The Gore tax is symptomatic of a serious, self-imposed problem facing America. The federal bureaucracy has resorted to trickery to reap a hoard of cash from the American people for a huge program of questionable worth and certain waste. And that is the norm, not the exception. Bureaucratic regulation harms us in many ways, from the momentous to the minuscule, surreptitiously robbing us of our self-government and our hard-earned money. Congress should reverse this decades-old trend, making all tax-collecting activities transparent to the public, debating all major initiatives, and controlling the activist bureaucracy.
 
Big Muddy rancher said:
OT did you get your phone? Are they going to give Internet hook up next?

I'm the wrong tribe :wink: Should help cut down on the meth dealers "overhead".....
 
Big Muddy rancher said:
It's not fair, Your son qualifies for the IRA but you don't for a phone. What's wrong with this world.

IRA? International Rodeo Association :???:
 
Mike said:
Oldtimer said:
Big Muddy rancher said:
It's not fair, Your son qualifies for the IRA but you don't for a phone. What's wrong with this world.

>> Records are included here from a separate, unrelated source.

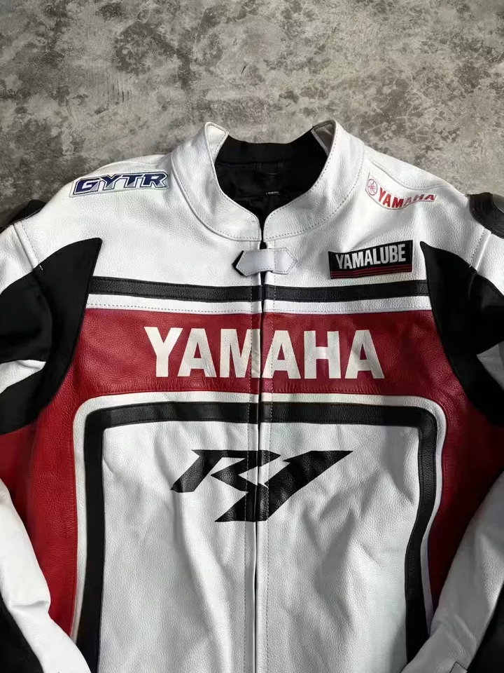 Yamaha Racing White R1 Motorcycle Cowhide Leather Biker Jacket | Premium Quality
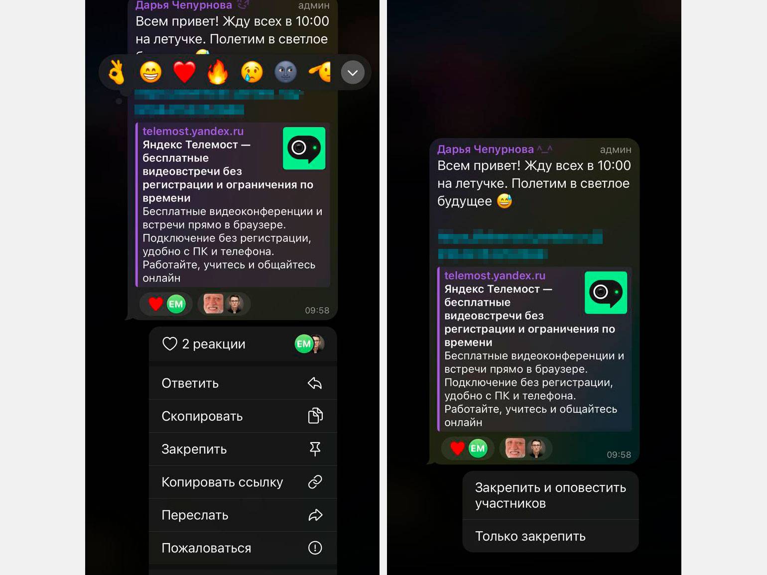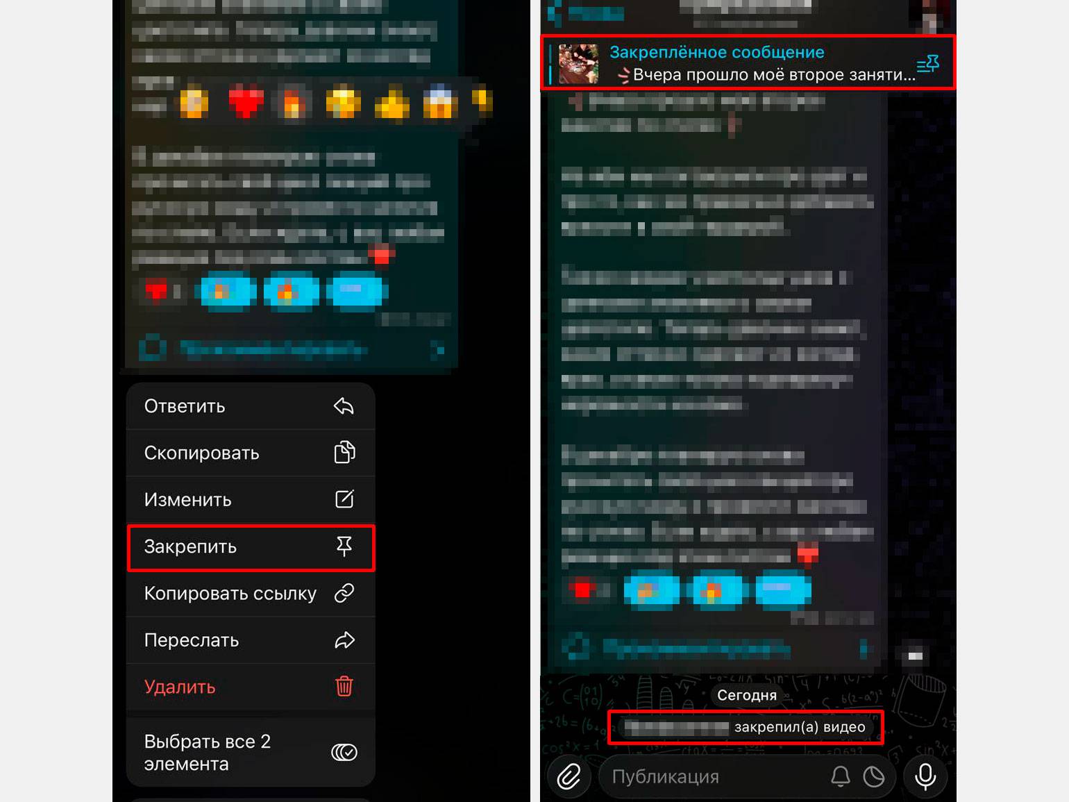 Чтобы закрепить сообщение в канале, выберите нужное сообщение, зажмите его и в меню нажмите «Закрепить». Сообщение отобразится в верхней части экрана, а в канале появится уведомление о закреплении сообщения.
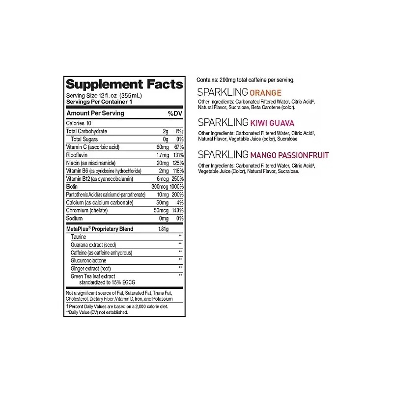 Ingredientes: naranja - agua filtrada carbonatada, ácido cítrico, sabor natural, sucralosa, betacaroteno (color)
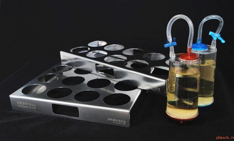 藥品無菌檢查中所用到集菌培養(yǎng)器,在過濾結(jié)束后可能會在操作臺暫時放置,然后移到培養(yǎng)箱進行14 天培養(yǎng)和觀察。由于集菌培養(yǎng)器底部不平穩(wěn),在這個過程中很容易翻倒,另外培養(yǎng)過程中需要把培養(yǎng)器取出培養(yǎng)箱進行觀察記錄,該托盤可以方便碼放和拿取。
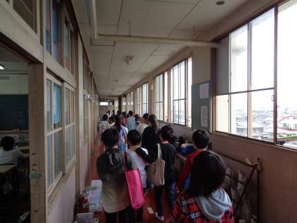 音楽など特別教室に行かなければならないときは、早めに用意をして、クラスみんなで並んで特別教室に向かいます。
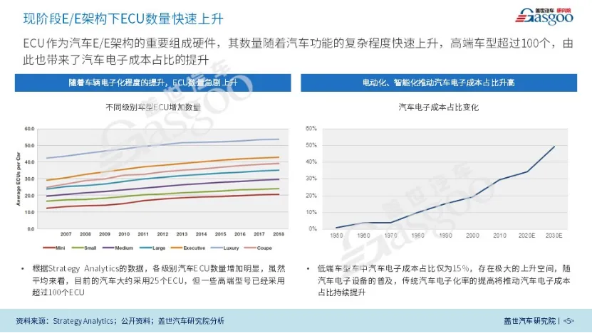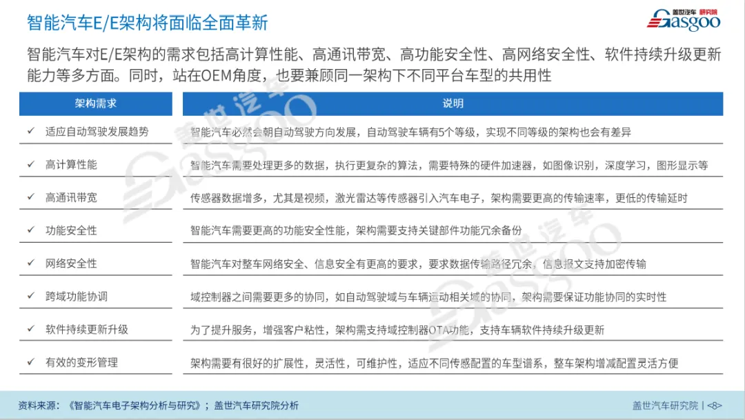 近期盖世汽车联合TE研究推出了《智能汽车E/E架构产业报告》从EEA概述、EEA升级趋势、主流企业EEA分析以及未来展望等几方面对产业进行解读,为行业同类型企业发展提供参考,报告共35页,获取完整PDF可在本公众号发送“电子电气”登记个人信息,3个工作日内将完整报告发送到邮箱。
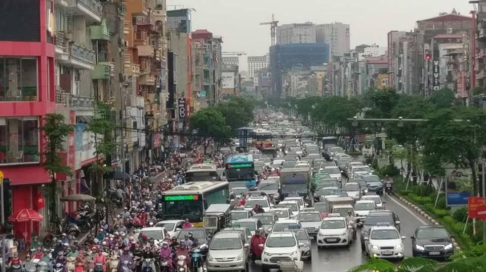 Đường Trần Hưng Đạo ùn tắc sau mưa. Ảnh: Vũ Điệp

IRA? International Rodeo Association :???:

Irish Republic Army?

Being a Norwegian from Montana he didn't know all the "rules" of the deep south-- said he caused a little discontent from some when this summer he started travelling with a black bull rider (who scored a 95 on an unridden bull while they were travelling together)...
 
Big Muddy rancher said:
How many boys you got? I thought you told us he worked for the railroad in Montana or Wyoming somewhere.

Thats my only son- Working mostly out of Glendive or Glasgow now..This is my "adopted son"...Hes a young fellow I raised for several years when his Dad was on a 20 year drunk......
 
Big Muddy rancher said:
So when you posted pictures of you and your son riding broncs was that your son or your "adopted"son?

That was the "adopted son"- do you want pictures of the son too? Altho all he did was mostly bulls and bull dogging... Then he got too big for the bulls later- and stayed with football-6'2" 230-250 when he played in College- linebacker-defensive end--- Blew a knee, which I tried to keep him from doing with the dogging.......
I still pump iron with him some- except he has left me pitifully far behind-- I don't have the legs to do it all anymore... :(
 
Oldtimer said:
Big Muddy rancher said:
So when you posted pictures of you and your son riding broncs was that your son or your "adopted"son?

That was the "adopted son"- do you want pictures of the son too? Altho all he did was mostly bulls and bull dogging... Then he got too big for the bulls later- and stayed with football-6'2" 230-250 when he played in College- linebacker-defensive end--- Blew a knee, which I tried to keep him from doing with the dogging.......
I still pump iron with him some- except he has left me pitifully far behind-- I don't have the legs to do it all anymore... :(


Sure post some pictures. It is always nice to see cowboys in action.
 
Did I miss it, or did no one mention the probability that "the rest of us" who don't qualify for these sweetheart deals on our cell phones are going to be picking up the actual costs for all those who get the dollar a month rates?

I wondered what sort of program was picking up the costs for every kid I saw at the high native american schools carrying cell phones. Now I know!